Israeli-American media executive

Sharon Tal Yguado (שרון טל יגואדו) is an Israeli-born American media executive.

Yguado has built studio divisions at media companies including Amazon and Fox. She is known for her work on fantasy and science fiction projects including The Walking Dead, The Boys, The Lord of the Rings: The Rings of Power, The Wheel of Time, and Invincible. In her role as head of scripted programming at Amazon she also oversaw numerous original shows, including The Marvelous Mrs. Maisel, Fleabag, Homecoming, Jack Ryan and Good Omens. Yguado also served as the head of Fox International Studios and Global Programming at Fox Networks Group.

== Biography ==
Yguado was born in Israel.

In 2004, Yguado moved to Italy and started her career as VP of Programming at Fox International Channels, where she was responsible for the global programming strategy. In 2008 she moved back to the US, and in 2010 was promoted to a Senior Vice President role.

In 2011, Yguado partnered with AMC on The Walking Dead. She finalized the deal with AMC at a script stage and bought the rights for the show for territories outside the United States and Canada.

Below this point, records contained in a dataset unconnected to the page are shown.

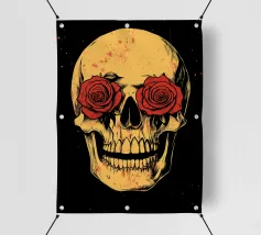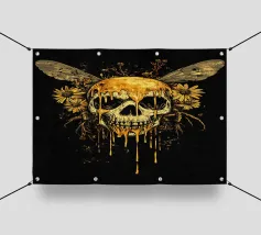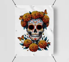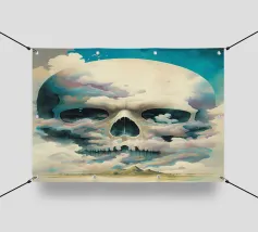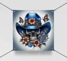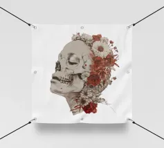 Un teschio realistico è abilmente circondato da fiori e grandi ali di farfalla. L'armoniosa palette di colori blu, rosa e beige crea un contrasto poetico tra vita e caducità.
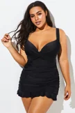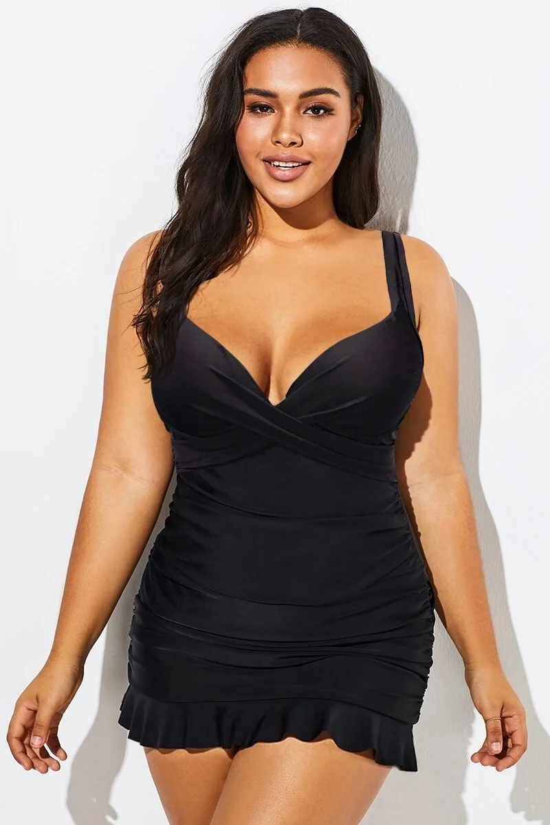 Plus Size Black V-Neck Twist Front Underwire Swimdress  - PremCurve
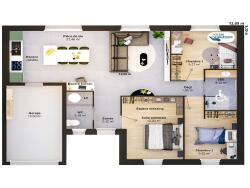 Cette maison de 3 chambres allie astucieusement besoins des clients, réglementation d'accessibilité PMR et coût de construction avantageux. Ses atouts ? Une grande pièce de vie, un espace bureau, un dressing, un garage... des espaces utiles au service des habitants. Ce plan compact a été pensé pour faciliter l'accès à la propriété avec un budget maîtrisé.

In 2012, Yguado was promoted to an Executive Vice President role. In 2015, she started a new studio division for Fox International Channels, called Fox International Studios. In this new role, she produced and co-produced original global content for Fox's international channels, partnering with Robert Kirkman to produce his next TV show Outcast. The show ran for two seasons on Cinemax in the US and all of Fox's cable channels outside the US.

In 2017, Yguado was hired by Amazon Studios in a senior leadership position to start a new entertainment division, focusing on large franchises in the genres of fantasy and sci-fi. In this role, Yguado identified, developed, and produced numerous shows. The first show she picked up was The Boys. The show was launched in late 2019 and became a success story for Amazon; it ran for five seasons and has several spinoffs.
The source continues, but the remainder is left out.